I love classic dresses. Simple, timeless silhouettes in neutral colors are my jam. When I first got my hands on the new twill from Phee Fabrics I knew I had to make it into one of my favorite classic dresses immediately!

With an upcoming wedding I have been needing a plethora of little white dresses, which is a welcome change from my usual little black dress uniform, but I also wanted a pattern I could whip up quickly and a finished dress would work for other occasions going forward. The Sew Over It Betty dress is one I have made a few times in the past and was the perfect pattern for what I was looking for with one exception, it includes a facing instead of a full bodice lining.

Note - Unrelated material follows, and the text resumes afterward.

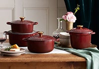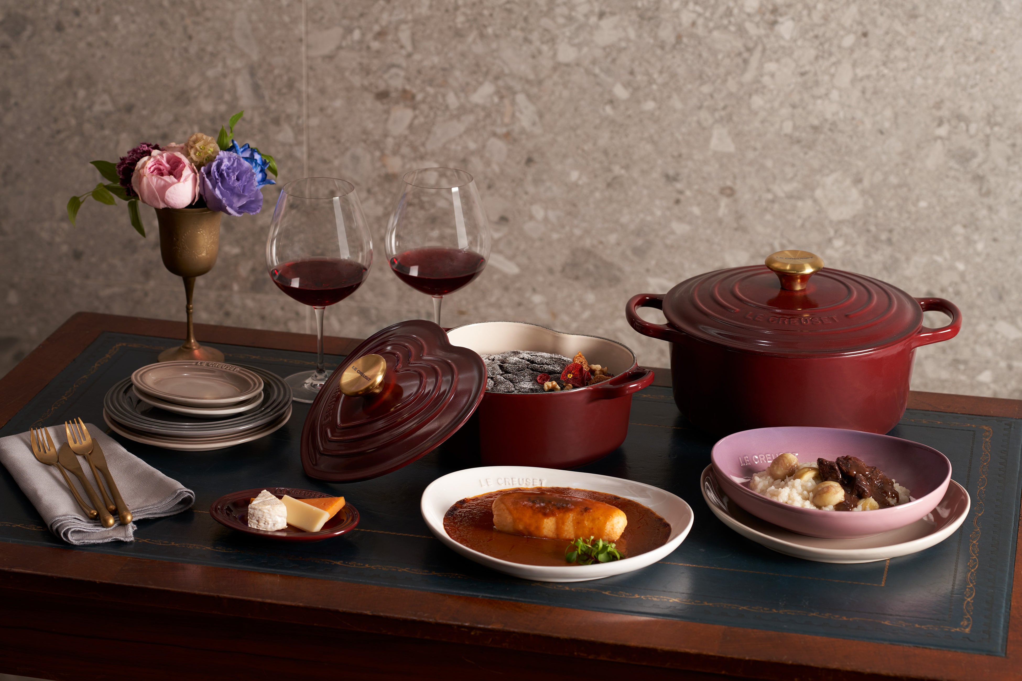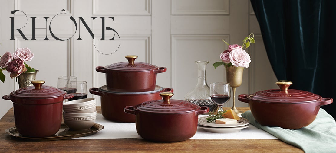 日ごとに秋の深まりを感じる10月は、ワイン用ブドウの収穫期。ル・クルーゼではフランスでも1,2を争うワインの産地ローヌ地方の名を冠した新色「ローヌ」を発売いたします。ローヌはワインのように深い赤にベルベットを思わせる光沢を加えた華やかなカラー。芳醇な味わいのローヌワインのように、食卓を豊かに彩ってくれます。「ナツメグ」や「ホワイト」などのニュートラルカラーと組み合わせると落ち着いた雰囲気に、同系の「モーブピンク」と組み合わせると甘くなり過ぎないフェミニンな印象のコーディネートに仕上がります。「ローヌ」の深みのあるレッドカラーはクリスマスや新年のテーブルコーディネートにも最適。食卓に深みと温もり、そして華やぎを加えてくれる「ローヌ」コレクションで、楽しい団らんの時間をお過ごしください。

I know this is totally personal preference but I really prefer a full lining to a facing in sleeveless dresses. I think they just lay on the body so much nicer and I love that with a light fabric it adds a little extra protection against accidental sheerness.

The stretch twill on its own has the perfect weight and drape for a full circle skirt so I decided to leave the skirt unlined and embrace the beautiful drape the fabric has on its own. It also has enough structure to hold up well for a fitted bodice which means I didn’t need or want to add bulk with the bodice lining and I also wanted to keep the slight give the fabric has (to allow for the eating of food you know) so traditional lining was out. After a bit of trial and error I ended deciding that swimwear lining, as unconventional as it may be, would actually be the perfect full bodice lining in a pattern like this!

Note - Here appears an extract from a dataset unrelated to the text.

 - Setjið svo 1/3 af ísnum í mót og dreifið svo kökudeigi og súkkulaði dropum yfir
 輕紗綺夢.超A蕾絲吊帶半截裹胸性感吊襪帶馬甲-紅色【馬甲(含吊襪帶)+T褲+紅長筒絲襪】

So I grabbed my white stretch twill and a few large scraps of Phee swim-lining and started to figure out how I could easily line the bodice. Turns out it really isn’t that hard and the professional finish it gives the dress is amazing!

In case you want your own fully lined bodice, I included the few pattern modifications I made below!

First I cut out the bodice and skirt out of the twill as instructed and then cut out a second bodice in the swim lining. I made the twill bodice and skirt as instructed in the pattern instructions, stopping right before the bodice is attached to the skirt. I then made a second identical bodice, including darts, out of the swim lining.

I then sandwiched the skirt in between both bodices, with the right side of the twill bodice touching the right side of the skirt and the right side of the lining bodice touching the wrong side of the skirt, and sewed the bodice to the skirt as instructed in the pattern. Next up was inserting the invisible zipper in the back which I also did according to pattern instructions, just being sure to keep the lining out of the way.

I skipped all of the instructions for the facing since I wasn’t doing one and moved on to sewing the shoulder seams of both the lining and the main bodice as instructed in the pattern I then placed the bodices right sides together, with the skirt bunched in the middle, and sewed the neckline together in one pass before turning right side out.

Next up was sewing the arm openings closed was a bit more challenging and I honestly dont know how well I will be able to describe it to you so I am going to link you to the tutorial I used here! This method worked like a charm! All that was left after the arms was to slip stitch the bodice lining to the invisible zipper which I did with a hand needle and a handful of patience!

A hem and and press and my new dress was done! As you can see it really wasn’t that much more work that the actual pattern included facing and the polish it gives the dress is so lovely!